How PACE Affects the Future Financing of Energy-Saving Projects

[Editor’s Note: This is the second installment of a three-part series about Property Assessed Clean Energy financing. Part 1, “How the Fate of PACE Could Influence the Clean Energy Economy,” is available on GreenBiz.com.]

Property Assessed Clean Energy, and similar financing programs, have the potential to significantly impact a multitude of stakeholders — ranging from federal and local governments to lending institutions, bond markets, electric utilities, homeowners and individual contractors.

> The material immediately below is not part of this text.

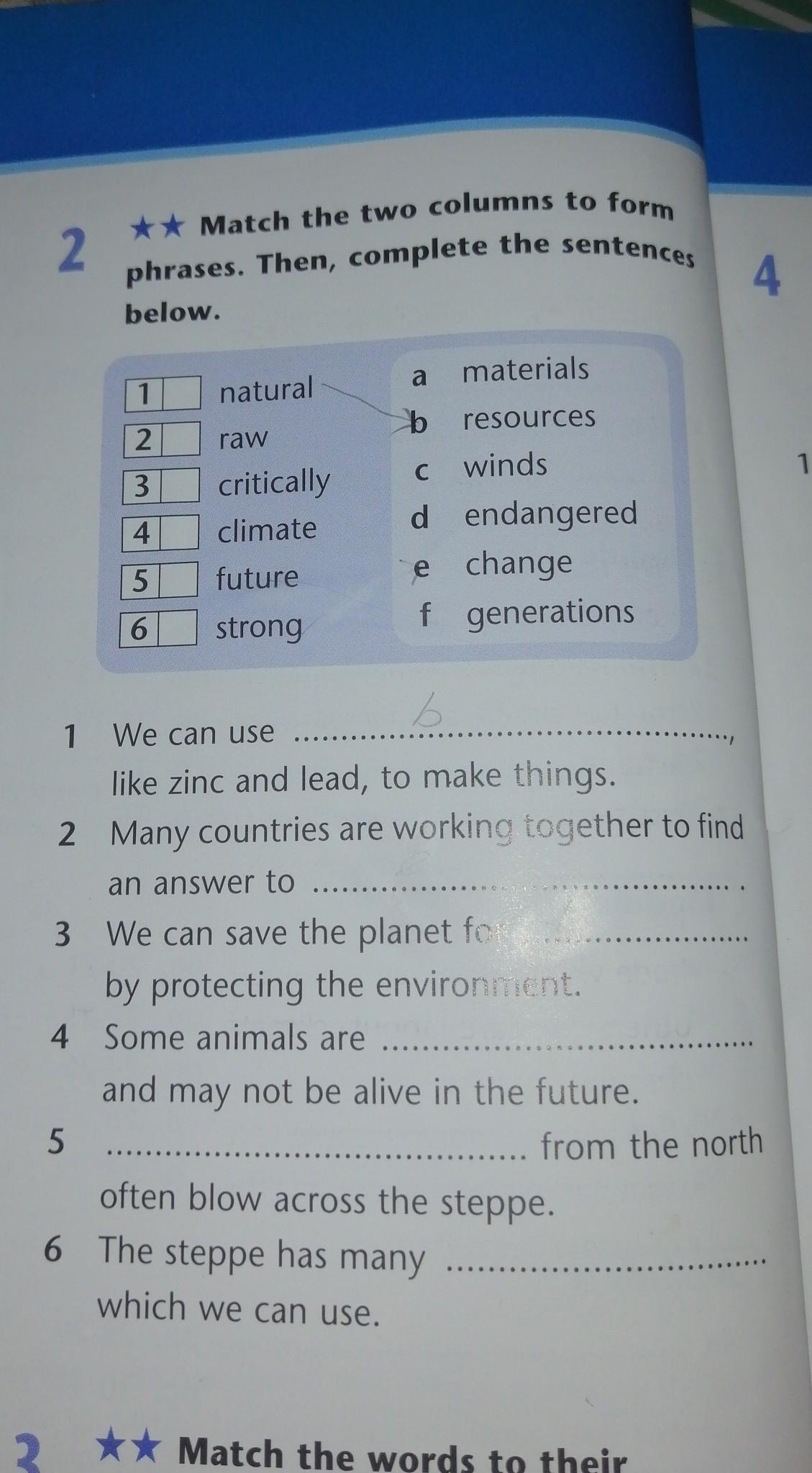 2 Match the two columns to form phrases. Then, complete the sentences below.

Although the growing momentum of PACE programs has been stifled by the FHFA, and the future of PACE is more uncertain than ever, the business implications of PACE are worth examining. Whether or not PACE survives the political mess it is currently in, understanding the implications of policy-enabled private financing programs on the ecosystem of stakeholders will inform future financing efforts.

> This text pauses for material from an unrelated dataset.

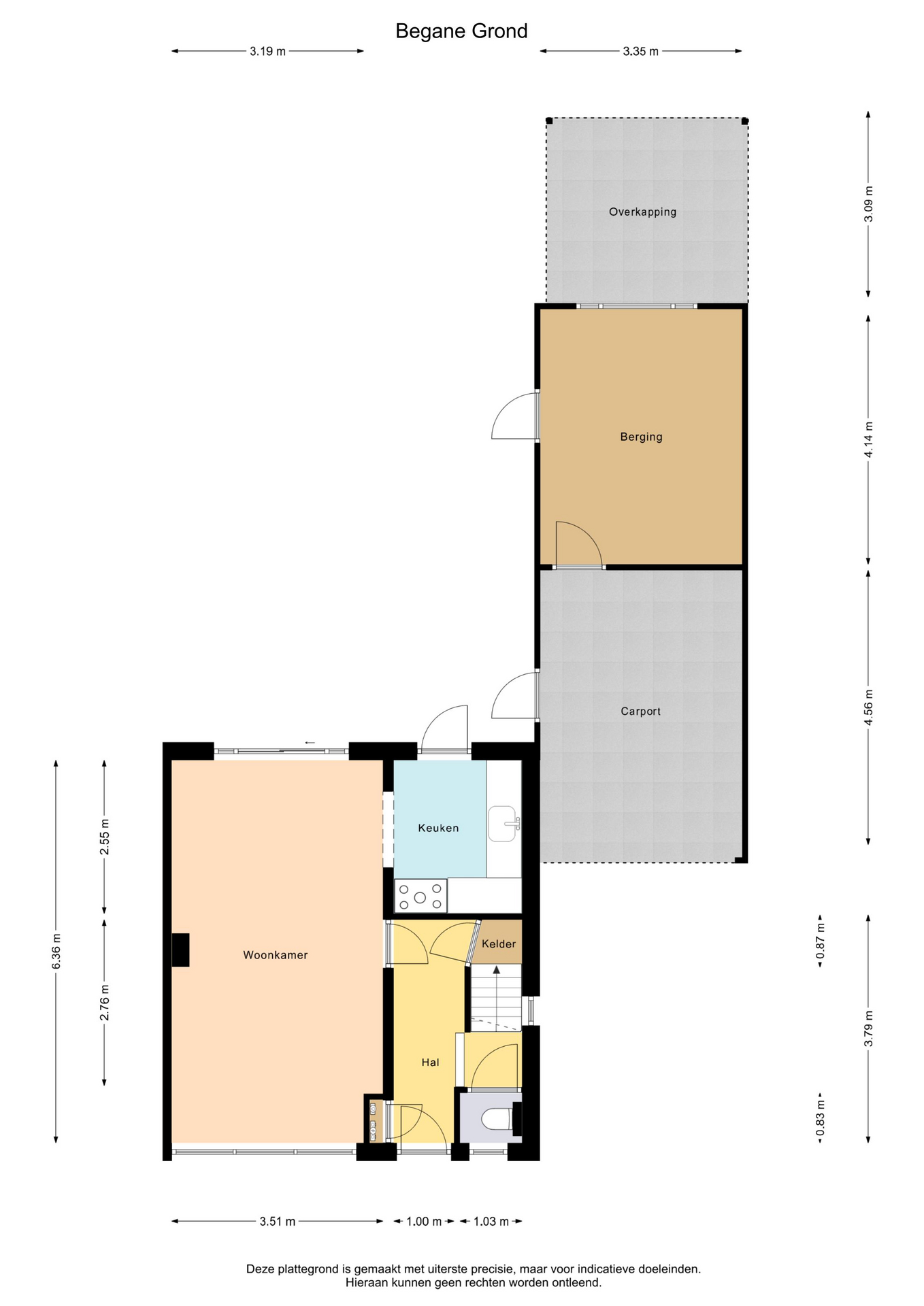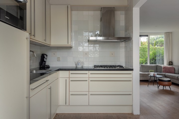 Indeling begane grond: entree, hal, toilet, toegang naar de kelder, lichte woonkamer met schuifpui en een functionele inbouwkeuken met diverse apparatuur. Vanuit de keuken is er toegang naar de tuin met berging en overkapping.

This article examines the high-level implications of PACE on the following key stakeholders:

  • Federal Government
  • Municipal and City Governments
  • Electric Utilities
  • Mortgage Lenders
  • Banks and Financiers
  • Renewable Energy and Energy Efficiency Contractors
  • Commercial Business and Home Owners

Federal Government

The administration needs to get some wins on the board with regard to spurring the uptake of clean energy adoption on a wide scale — and they can’t all depend on pouring stimulus dollars into R&D and traditional state incentive programs (though that is helpful). With climate legislation stalled, PACE programs represent a type of nationally applicable win-win policy ideas that are low risk, but have the potential to spur significant private sector activity.  With the concerns being voiced by the mortgage industry, the federal government’s involvement in Fannie Mae and Freddie Mac mean that federal agencies should be incented to push for tightly regulated, well-structured, PACE programs that both achieve the clean energy goals, but also contain their scope so as to not negatively impact the mortgage giants in government conservatorship.